En quatrième de couverture : Le poème est également voix scandant le voyage à travers notre mémoire et nos empreintes. Ce texte est ponton pour rêves en partance, trait d’union pour imaginaires dans la gangue des jours, marche pied pour envols de fantasmes emplumés de soleils.

Claude LUEZIOR

LES AMIS DE MILOSZ – l’Harmattan (Cahier 51 de l’Association, collection Mare Balticum)

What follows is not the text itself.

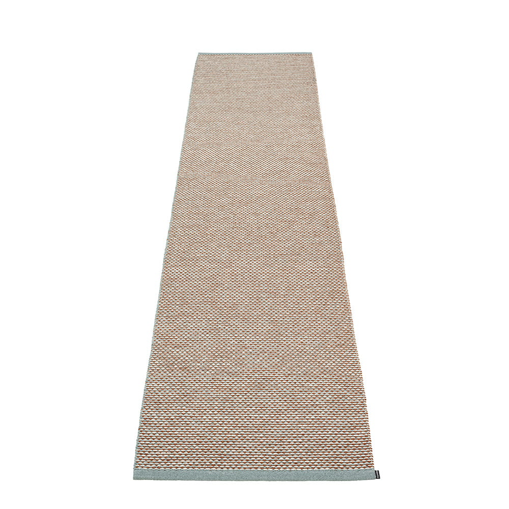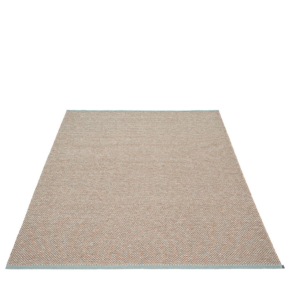 Dywan EFFI marki Pappelina to dywan wykonany ze wstążek PVC tkanych na krosnach tradycyjną metodą. Z uwagi na materiał, z którego został stworzony, jest niezwykle odporny na uszkodzenia i warunki zewnętrzne, a tym samym praktyczny i łatwy w pielęgnacji, dzięki czemu świetnie nadaje się do przedpokoju, holu, kuchni, na taras lub na balkon.

O.V. De L. Milosz, c’est dans ma jeunesse que j’y suis entré par les Sept Symphonie. « Voici venir Vitold avec les clefs. » J’entends encore cette phrase dans la bouche d’un de mes oncles. Puis des années d’amitié avec Jean Cassou, l’Association à laquelle j’ai appartenu un temps – et cessé d’appartenir j’ignore comment, sans doute à cause des voyages ! -, l’édition des œuvres complètes, belle édition, chez André Silvaire, m’en ont appris beaucoup plus sur ce poète lithuanien de langue française tant aimé des initiés, peu connu des autres, dont la poésie ample, (mais parfois trop chiffrée, trop cryptée, ésotérique, rebute dans ses derniers livres ceux qui tout ignorent de la Kabbale), ravira cependant les lecteurs amateurs d’une poésie simple, d’un romantisme moderne, émouvante : une poésie tantôt classique et versifiée, tantôt extrêmement hardie, actuelle et pensive. Les beautés simples des œuvres de ce poète sont stupéfiantes, ce qui explique que depuis sa mort un cercle de fervents, cercle qui s’élargit lentement mais sûrement, en ait entretenu la flamme envers et contre tout, contre les modes surtout, avec une fidélité et une constance impressionnantes. Dans ce numéro des Cahiers, on trouvera entre autres trois préfaces de Milosz pour de jeunes poètes ainsi que trois lettres, un entretien inédit avec le cher Jean Cassou, le poète des « sonnets écrits au secret », qui disait de Milosz qu’il était son maître et citait ce repas avec lui où simplement, le poète des oiseaux, suggérait en guise de dessert : « Et si nous prenions une bonne confiture ! » Ce que Jean Cassou, ami aussi du Kabbaliste Carlo Suarès et de Joë Bousquet (vaste programme), racontait avec son accent de gourmandise inimitable. On trouvera également quatre études résolument passionnantes, l’une d’Édouard Glissant (le poète fameux décédé en 2011), une d’Alexandra Miekus de l’Université d’Alberta au Canada, une de la « miloszienne » Olivia Cohen, une page d’une autre « miloszienne » Janine Kohler. Et le dernier tiers du numéro contient diverses chroniques relatives aux événements concernant O. Milosz, mais aussi son neveu Czeslaw, le poète prix Nobel polonais, Jean Cassou, etc… assorties de photographies, d’un poème de O. Milosz et de notes. Cent cinquante-huit pages d’émotion, de souvenirs et de réflexions précieuses, pour découvrir ou redécouvrir une des grandes voix de la poésie française dont Apollinaire pensait que c’était l’une des premières de son temps.